Moved the parsing of variables further to the top of the function.

Again, we need to replace execute_values by executemany.

Again, we need to explicitly set the number of placeholders. Since this function should be able to handle a dynamic amount of columns, we use the placeholders variable

job-almekinders · 2024-06-21T13:47:28Z

sdk/python/tests/integration/online_store/test_universal_online.py

+@pytest.mark.parametrize(
+    "conn_type",
+    [ConnectionType.singleton, ConnectionType.pool],
+    ids=lambda v: f"conn_type:{v}",
+)


Test both ConnectionTypes

sdk/python/tests/integration/registration/test_universal_registry.py

tokoko · 2024-06-21T14:06:15Z

sdk/python/requirements/py3.10-requirements.txt

@@ -20,32 +20,38 @@ charset-normalizer==3.3.2
    # via requests
 click==8.1.7
    # via
+    #   feast (setup.py)


Did you use lock-python-dependencies-all to generate these files? feast (setup.py) lines shouldn't have been added, I think.

Yes, I used that command indeed!

Do you have any thoughts on what might be causing this and how to resolve it?
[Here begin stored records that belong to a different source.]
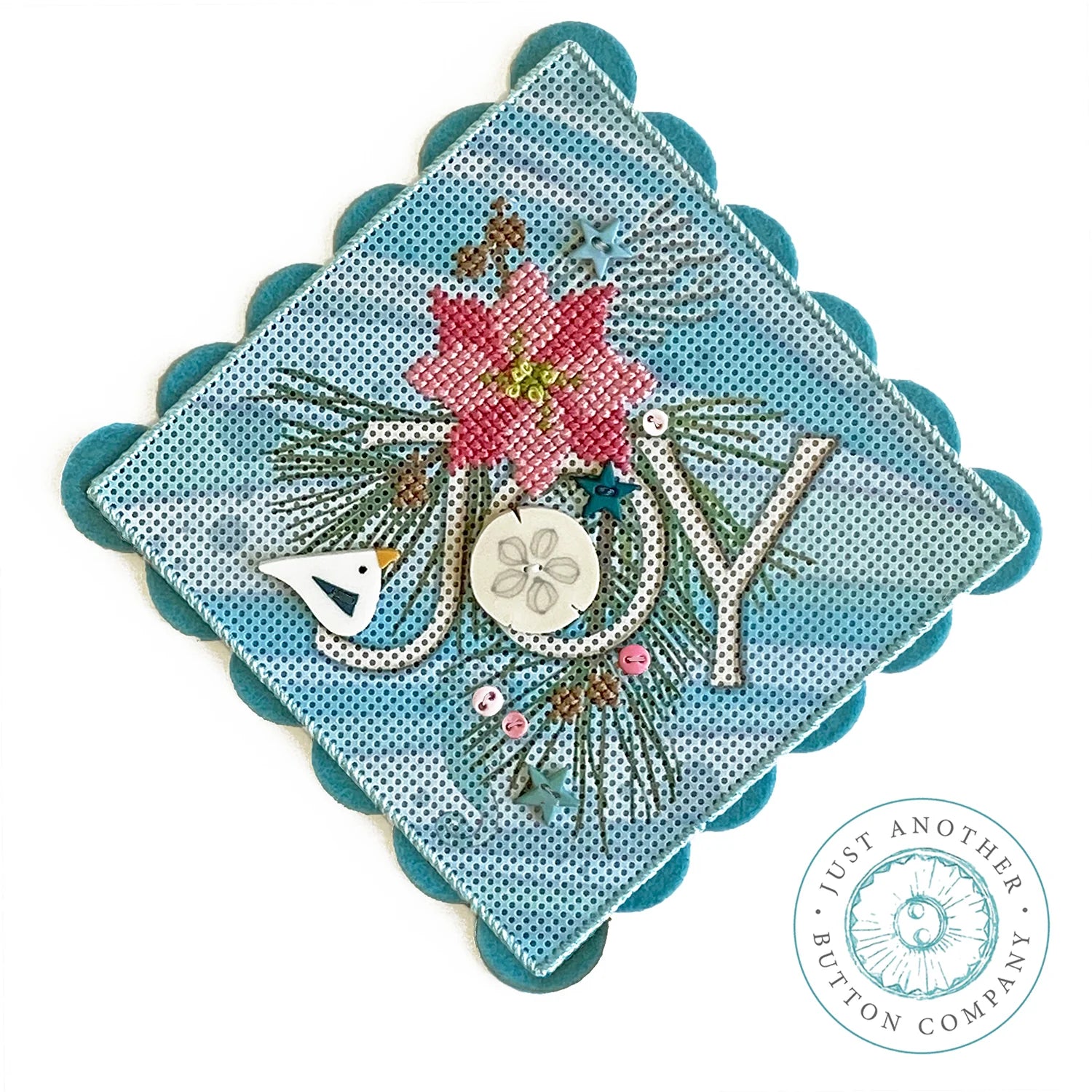 This "Beachy Christmas Joy" perforated paper kit is a quick stitch with a unique twist. JOY and a pine swag are pre-printed on a ocean wave paper background. You stitch the poinsettia and pine cones on the 18ct paper. Finish in a frame or follow our instructions to mount as an ornament.
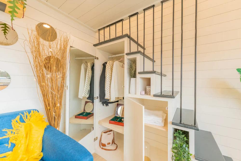 The true highlight of the living area is a set of stairs leading up to the main bedroom loft. There’s more to this storage solution than meets the eye. The stairs boast a hanging rod for clothes, four adjustable shelves, and doors to keep visible clutter to a minimum. There’s even a hidden mirror for easy fit checks!
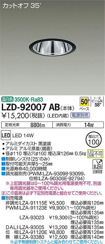 - LZD-92007AB+LZA-93023 本体+0%~100%調光用電源 34500
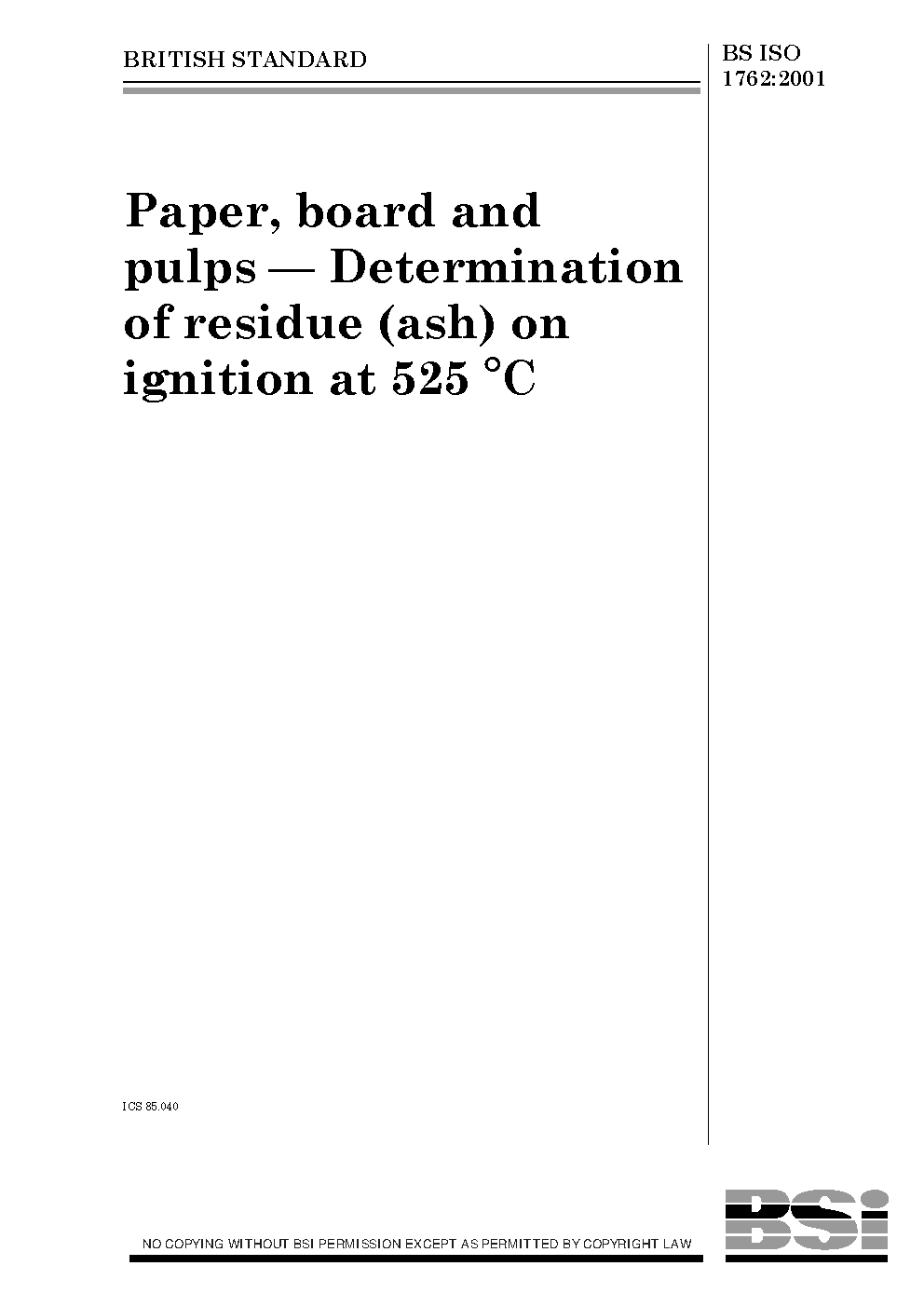 Paper, board, pulps and cellulose nanomaterials. Determination of residue (ash content) on ignition at 525 °C

Not sure honestly, I'll try to look into it. We can still merge regardless, it's not a blocker, just a bunch of extra line changes in the PR.
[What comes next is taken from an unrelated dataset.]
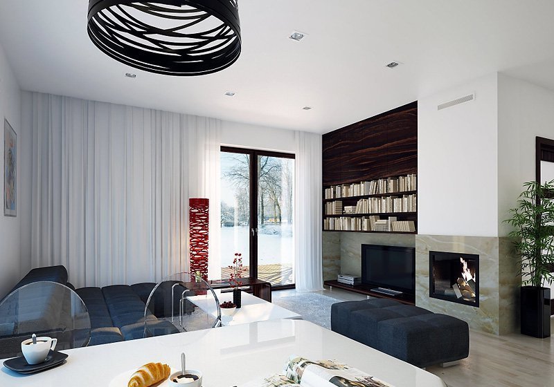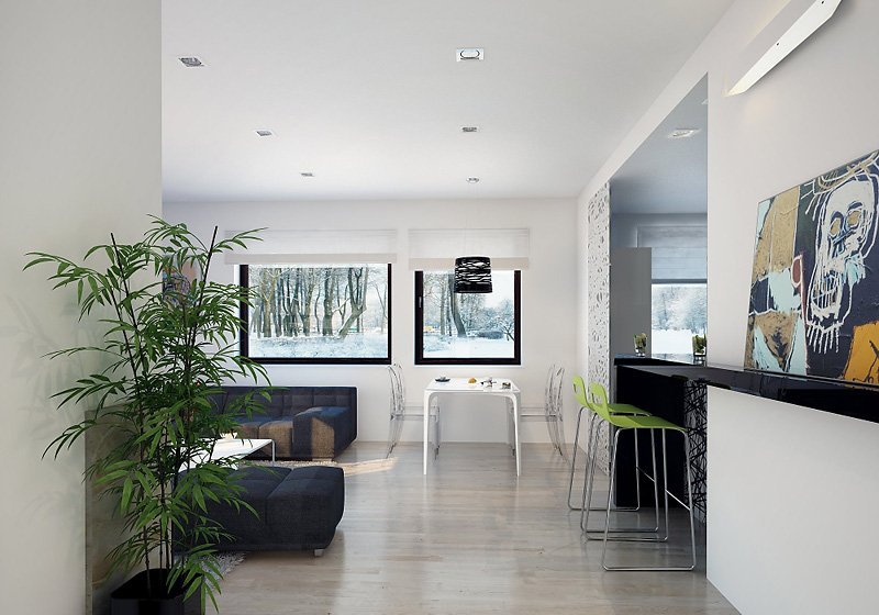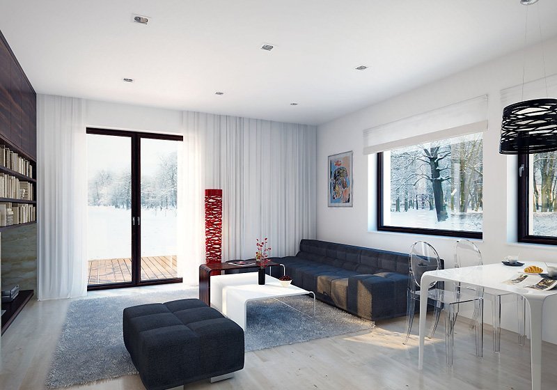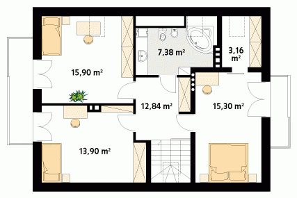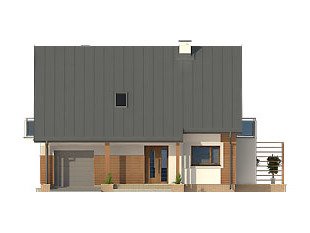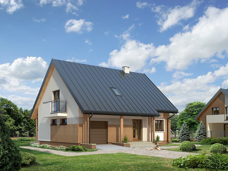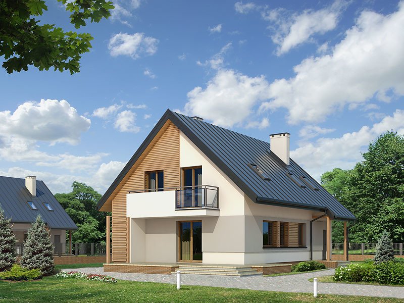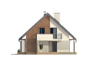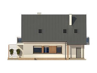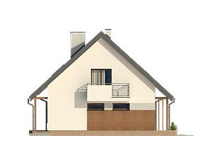 Niewielki ale wygodny dom dla 4 – 5-osobowej rodziny. Zlokalizowana na parterze część dzienna mieści w sobie przestronny pokój dzienny, jadalnię, kuchnię ze spiżarnią i gabinet, dodatkowo są tu: łazienka, duża kotłownia i jednostanowiskowy garaż. Na poddaszu znajdują się trzy obszerne sypialnie z wyjściami na dwa balkony, łazienka i garderoba. Prosta bryła z dwuspadowym dachem czyni dom łatwym w realizacji i tanim w użytkowaniu.

docs/tutorials/using-scalable-registry.md

sdk/python/feast/infra/offline_stores/contrib/postgres_offline_store/postgres.py

tokoko

LGTM

job-almekinders · 2024-06-26T10:26:20Z

Hey @franciscojavierarceo, would you perhaps be able to do another pass on this PR? :)

HaoXuAI · 2024-06-26T23:22:34Z

Looks like I merged the other pr caused conflicts here. mind fix it then we can merge it?